In the open-ended video game Minecraft, players extract blocks of virtual materials from a 3D environment to assemble objects of their own design, from trees to cathedrals. Researchers trained neural networks to generate these structures.
What’s new: Shyam Sudhakaran and researchers at University of Copenhagen, University of York, and Shanghai University used a neural cellular automaton algorithm to construct 3D objects. The work demonstrates the potential for such algorithms to generate structures in three dimensions, as typically they’re limited to two.
Key insight: A cellular automaton generates complex patterns on a 2D grid by changing each cell’s state iteratively based on simple rules that depend on the states of its neighbors. A neural cellular automaton updates cells depending on the output of a neural network and the states of neighboring cells. Using 3D convolutions enables a neural cellular automaton to generate patterns in 3D.
How it works: The authors trained several 3D convolutional neural networks to reproduce structures found on the community website Planet Minecraft. Each different structure required its own model. The structures comprised 50 block types mostly corresponding to materials (stone, glass, metals, and so on), including piston blocks that push or pull adjacent blocks to produce animated objects. The system spawned block types directly without needing to virtually mine them out of the virtual ground.
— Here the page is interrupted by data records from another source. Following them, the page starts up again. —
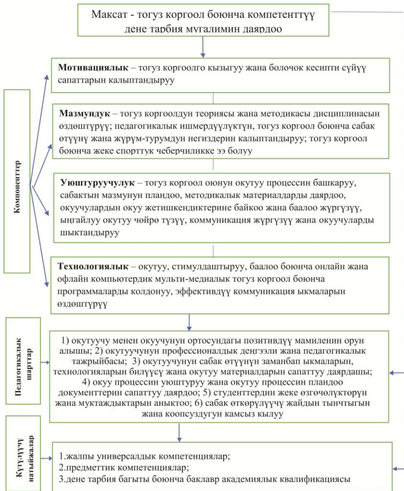
2.1-сүрөт. Болочок дене тарбия мугалимдерин даярдоодо тогуз коргоол боюнча кесиптик компетенттүүлүгүн калыптандыруунун теориялык модели.

Үчүнчү бап “Дене тарбия мугалимдерин тогуз коргоол боюнча адистик компетенттүүлүгүн калыптандыруу боюнча педагогикалык эксперименттин жүрүшү жана натыйжалары” деп аталып, болочок дене тарбия мугалимдерин тогуз коргоол боюнча адистик компетенттүүлүгүн калыптандыруу боюнча педагогикалык
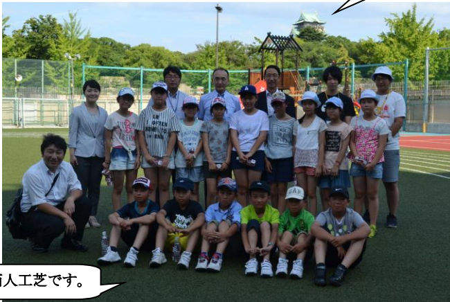
「追手門学院小学校で記念撮影」
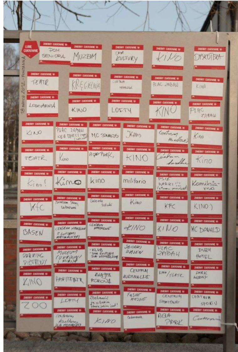
Wlepki. Strefa Cukru, Pruszcz Gdański 2012
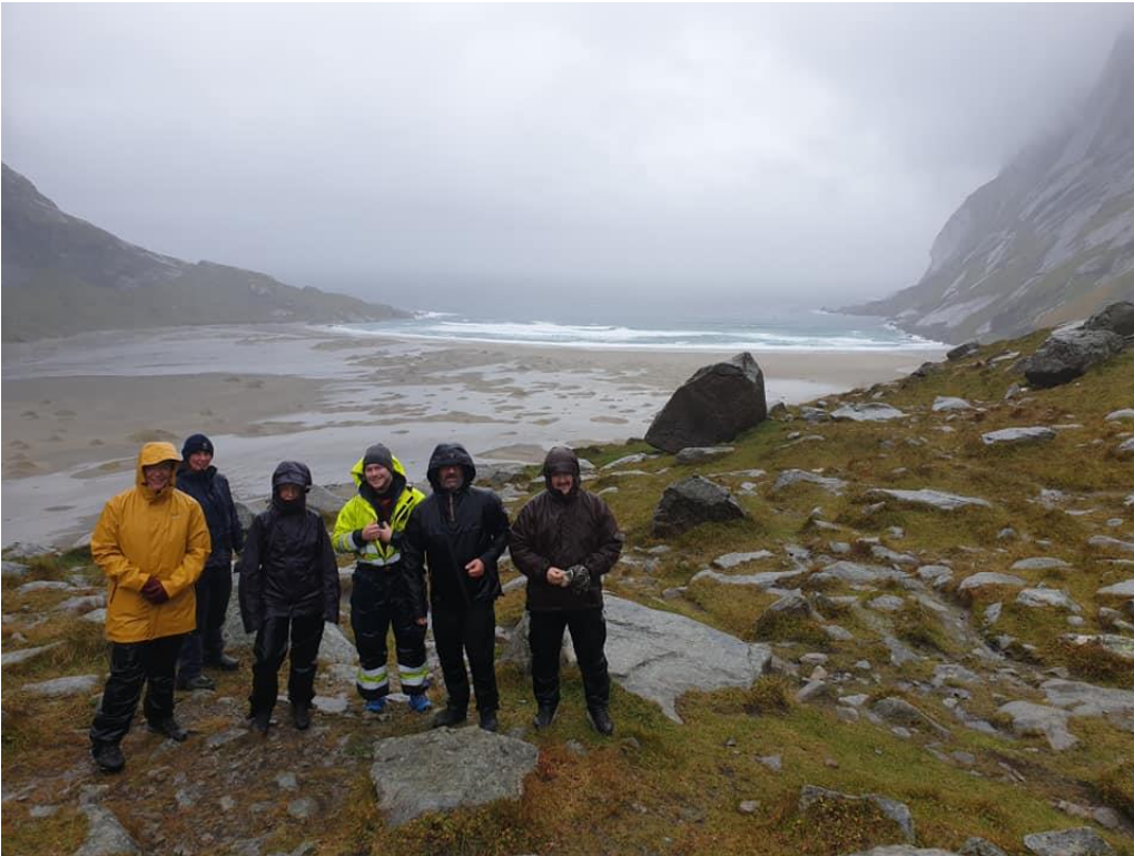
Figur 5. En meget våt tur til Buessanden

Nasjonalparkforvalter brukte mye tid i felt i sommer i forbindelse med sårbarhetsvurderingen. Det ble også befaring med SNO og styringsgruppe for nasjonale turiststier i forbindelse med restaurering av stier. Fra SNO fikk vi besøk av Anne Rudsengen fra Jostedalsbreen og Liv Byrkjeland fra Luster, for erfaringsutveksling på naturovervåking, skjøtsel og tilretteleggingstiltak.
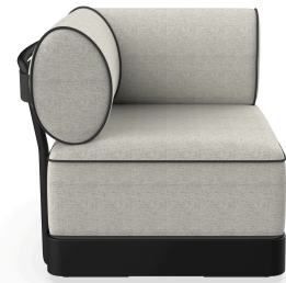
Brisa Corner Noche Coussin Salina 05 + Dolce 55 06800
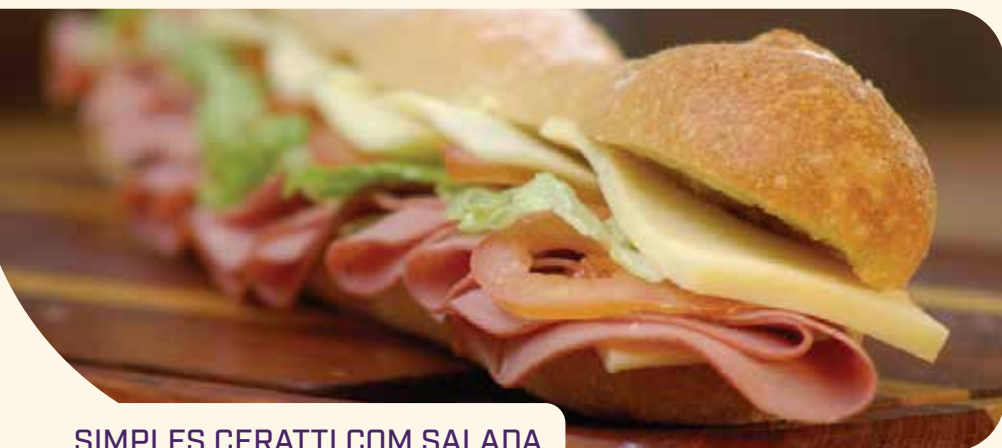
SIMPLES CERATTI COM SALADA
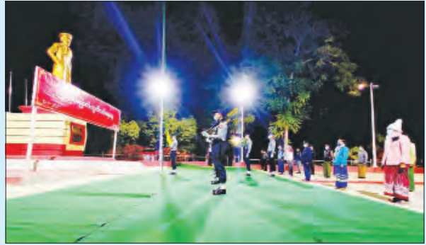
မင်းဘူးမြို့၌ ကျင်းပစဉ်။ ဓာတ်ပုံ-မောင်မောင်(မင်းဘူး)

(၇၃)နှစ်မြောက် လွတ်လပ်ရေးနေ့ အခမ်းအနားကို ယနေ့နံနက်ပိုင်းတွင် နိုင်ငံတစ်ဝန်း၌ ကျင်းပလျက်ရှိရာ အဆိုပါအခမ်းအနားသို့ တက်ရောက်လာကြသူများက ပြည်ထောင်စုသမ္မတမြန်မာနိုင်ငံတော်အလံအား လွှင့်တင်ပြီး အလေးပြုကြခြင်း၊ နိုင်ငံတော်သမ္မတတံမှ ပေးပို့သော (၇၃)နှစ်မြောက် လွတ်လပ်ရေးနေ့ သဝဏ်လွှာအား ဖတ်ကြားခြင်းနှင့် ညပိုင်းတွင် နေပြည်တော်၌ မီးရှူးမီးပန်းများ ပစ်ဖောက်ခြင်းတို့ ဆောင်ရွက်ခဲ့ကြသည်။
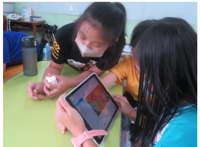
用平板設備錄製聲音
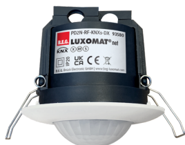
PD2N-RF-KNXs-DX-FC Número: 93580

Para obter o conjunto de acordo com as especificações técnicas, é necessário encomendar os artigos indicados.
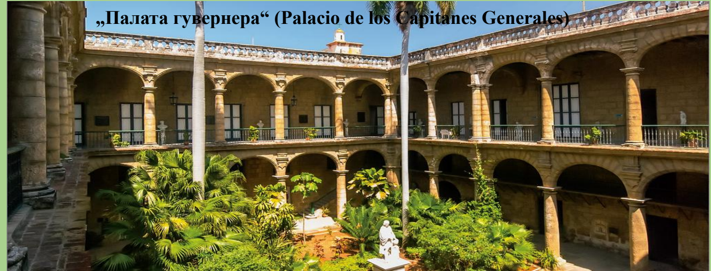
„Палата гувернера“ (Palacio de los Capitanes Generales)

Хавана је главни и највећи град на Куби. Град је 1515. године основао конкистадор Дијего Веласкез. У почетку је то била трговачка лука а од 1607. године је главни град шпанске колоније Куба.
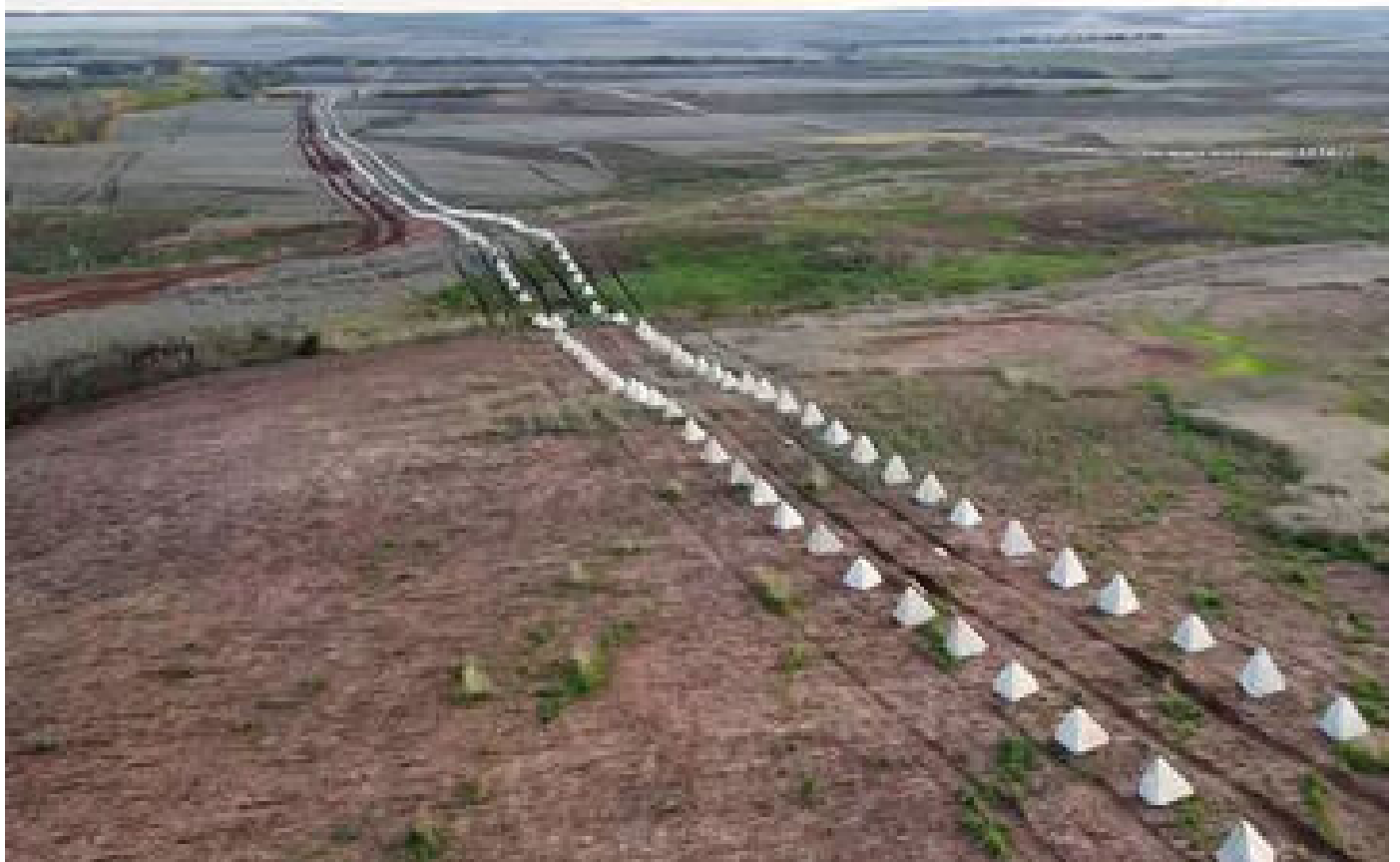
VIDÉO. «La Russie est sur la défensive» : qu'est-ce que la «Ligne Wagner» apparue dans le Donbass ?

- The authors initialized a single block in a 3D grid.
- The network updated each cell in the grid depending on whether a neighboring cell was activated. The updates ran for a set number of steps, growing the structure at each step.
- The loss function encouraged the generated structure to match the original in block type and placement.
Results: The authors reported few quantitative results. However, the trained models grew static structures like castles, temples, and apartments that appear to be accurate inside and out. One model learned to grow an animated caterpillar.
Why it matters: Cellular automata may have certain benefits. For instance, if part of the resulting structure is destroyed, the automaton can use what’s left to regenerate the missing part. This approach can produce resilient digital 3D structures with no human intervention after the first step.
We’re thinking: Machine learning engineers looking for an excuse to play Minecraft need look no further!